In [1]:
# Import Libraries
import pandas as pd
import numpy as np
import re
import nltk
from nltk.corpus import stopwords
from nltk.tokenize import word_tokenize
from nltk.stem import WordNetLemmatizer
from sklearn.model_selection import train_test_split
from sklearn.preprocessing import LabelEncoder
from imblearn.over_sampling import RandomOverSampler
from tensorflow.keras.preprocessing.text import Tokenizer
from tensorflow.keras.preprocessing.sequence import pad_sequences
from tensorflow.keras.models import Sequential
from tensorflow.keras.layers import Embedding, LSTM, Dense, Dropout
from tensorflow.keras.callbacks import EarlyStopping
from sklearn.metrics import classification_report, f1_score


In [2]:
# Download NLTK Resources
nltk.download('punkt')
nltk.download('stopwords')
nltk.download('wordnet')

[nltk_data] Downloading package punkt to
[nltk_data]     C:\Users\user\AppData\Roaming\nltk_data...
[nltk_data]   Package punkt is already up-to-date!
[nltk_data] Downloading package stopwords to
[nltk_data]     C:\Users\user\AppData\Roaming\nltk_data...
[nltk_data]   Package stopwords is already up-to-date!
[nltk_data] Downloading package wordnet to
[nltk_data]     C:\Users\user\AppData\Roaming\nltk_data...
[nltk_data]   Package wordnet is already up-to-date!


True

In [3]:
# Load & Preprocess Data
df = pd.read_csv("C:/Users/user/Downloads/tweet_emotions.csv/tweet_emotions.csv")

# Encode labels
le = LabelEncoder()
df['sentiment_encoded'] = le.fit_transform(df['sentiment'])

# Cleaning functions
lemmatizer_obj = WordNetLemmatizer()
stop_words = set(stopwords.words('english'))

def clean_text(text):
    if pd.isnull(text):
        return ""
    text = str(text).lower()
    text = re.sub(r'@[\w]*', '', text)
    text = re.sub(r'https?://\S+|www\.\S+', '', text)
    text = re.sub(r'[^a-zA-Z\s]', '', text)
    text = re.sub(r'\s+', ' ', text).strip()
    return text

def lemmatizer(text):
    tokens = word_tokenize(text)
    lemmatized = [lemmatizer_obj.lemmatize(word) for word in tokens if word not in stop_words]
    return ' '.join(lemmatized).strip()

df['cleaned_text'] = df['content'].apply(clean_text).apply(lemmatizer)
df = df[df['cleaned_text'].str.strip().astype(bool)].copy()


In [4]:
# Balance the Classes

X = df['cleaned_text'].astype(str)
y = df['sentiment_encoded']

X_df = pd.DataFrame({'text': X})
y_df = pd.Series(y)

oversampler = RandomOverSampler(random_state=42)
X_resampled_df, y_resampled = oversampler.fit_resample(X_df, y_df)
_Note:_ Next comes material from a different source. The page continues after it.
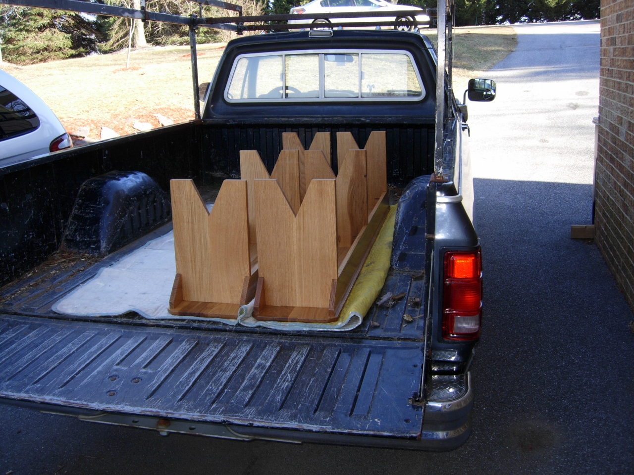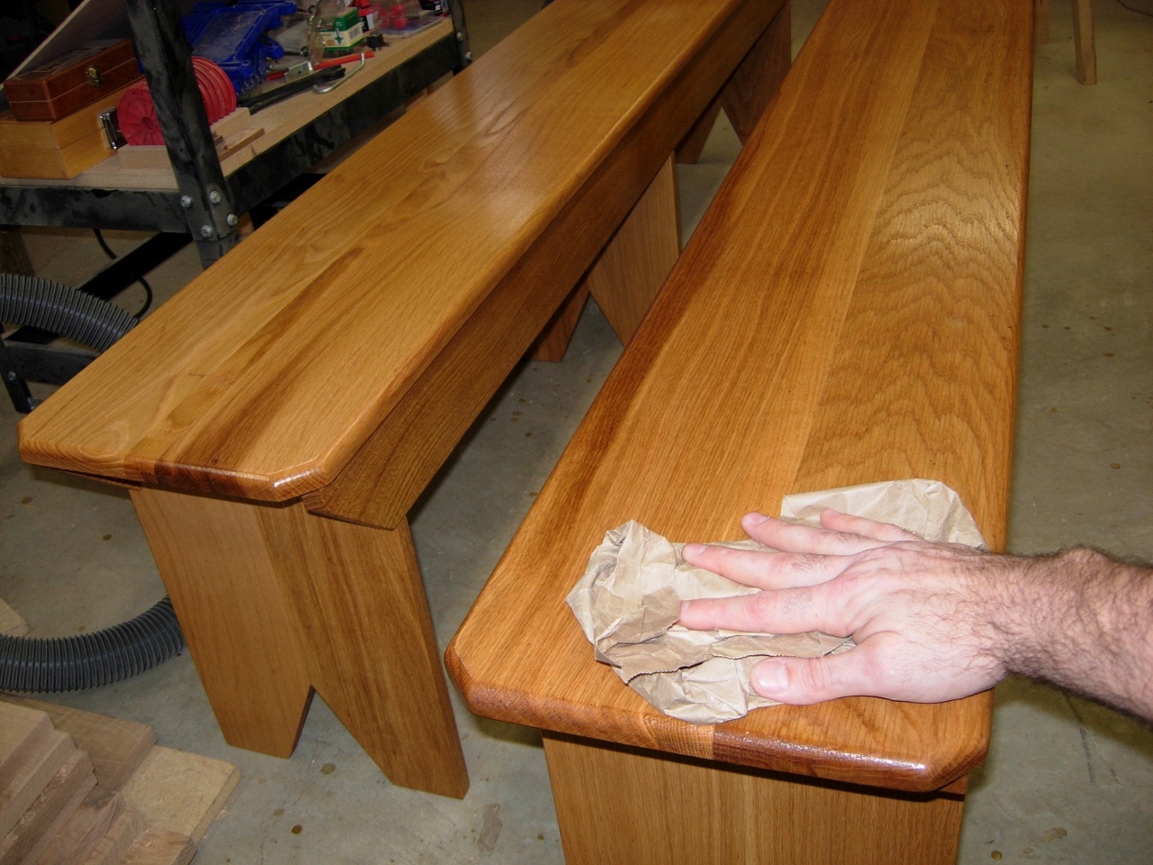 Just a quick post today. The benches have been sitting in my shop for a couple of days, to let the finish cure a bit. I gave them a final buff last night with a brown paper bag. Today they got loaded on the truck and hauled down the road for delivery. Oh, and in case you were wondering how the epoxied knot hole turned out, here is a picture.

X = X_resampled_df['text']
y = y_resampled


In [5]:
# Train/Validation/Test Split
X_train, X_temp, y_train, y_temp = train_test_split(X, y, test_size=0.3, stratify=y, random_state=42)
X_val, X_test, y_val, y_test = train_test_split(X_temp, y_temp, test_size=0.5, stratify=y_temp, random_state=42)

In [6]:
# Tokenization & Padding
max_vocab_size = 10000
max_sequence_length = 100

tokenizer = Tokenizer(num_words=max_vocab_size, oov_token="<OOV>")
tokenizer.fit_on_texts(X_train)

X_train_seq = tokenizer.texts_to_sequences(X_train)
X_val_seq = tokenizer.texts_to_sequences(X_val)
X_test_seq = tokenizer.texts_to_sequences(X_test)
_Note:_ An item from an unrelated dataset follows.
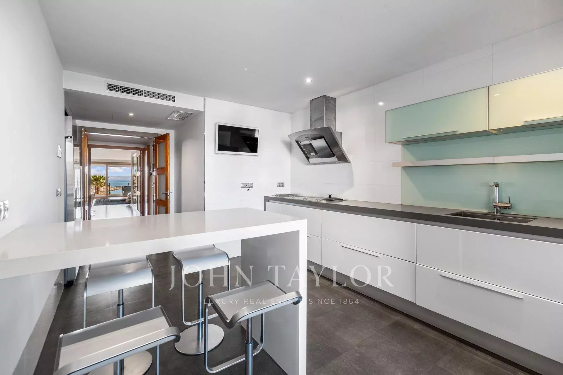 Cet appartement spectaculaire situé sur le front de mer de Portixol allie tout le confort moderne à un design moderne ouvert sur les magnifiques vues sur la mer qu'offre la maison, avec toute la baie de Palma et le charmant port comme véritable cadre de luxe. Le quartier de Portixol jouit d'une excellente situation dans la capitale de Majorque, avec la mer à ses pieds et à seulement 15 minutes de marche du centre historique de Palma. Il dispose d'un grand choix de restaurants proposant la meilleure cuisine méditerranéenne et de célèbres clubs de plage installés sur le sable, ainsi que d'un accès direct à la seule plage de sable de Palma. Il s'agit d'un appartement spacieux avec des lignes modernes et des espaces inondés par une grande entrée de lumière naturelle, il a 230 m2 où des matériaux de première qualité ont été utilisés. Il est distribué en quatre grandes chambres à coucher avec des armoires encastrées et la principale avec un dressing, trois salles de bains, l'une d'elles en suite et une toilette de courtoisie. Une seule surface est occupée par le salon-salle à manger, avec de grandes fenêtres qui permettent une grande entrée de lumière et nous donnent accès à la fantastique terrasse de 30 m2 avec des vues incroyables sur la mer. La cuisine spacieuse est aménagée de manière indépendante, entièrement équipée, et dispose d'une buanderie en plus d'avoir une autre terrasse arrière. Il convient de noter que la maison fait partie d'un complexe exclusif qui nous offre deux magnifiques piscines communes, une aire de jeux, un court de paddle, une sécurité 24 heures sur 24, un parking souterrain et une salle de stockage.

X_train_pad = pad_sequences(X_train_seq, maxlen=max_sequence_length, padding='post')
X_val_pad = pad_sequences(X_val_seq, maxlen=max_sequence_length, padding='post')
X_test_pad = pad_sequences(X_test_seq, maxlen=max_sequence_length, padding='post')


In [7]:
# Load GloVe 300D Embeddings

embedding_index = {}
with open("glove.6B.300d.txt", encoding="utf-8") as f:  
    for line in f:
        values = line.split()
        word = values[0]
        coeffs = np.asarray(values[1:], dtype="float32")
        embedding_index[word] = coeffs

print(f"Loaded {len(embedding_index)} word vectors.")

embedding_dim = 300  # 300D GloVe
vocab_size = min(max_vocab_size, len(tokenizer.word_index) + 1)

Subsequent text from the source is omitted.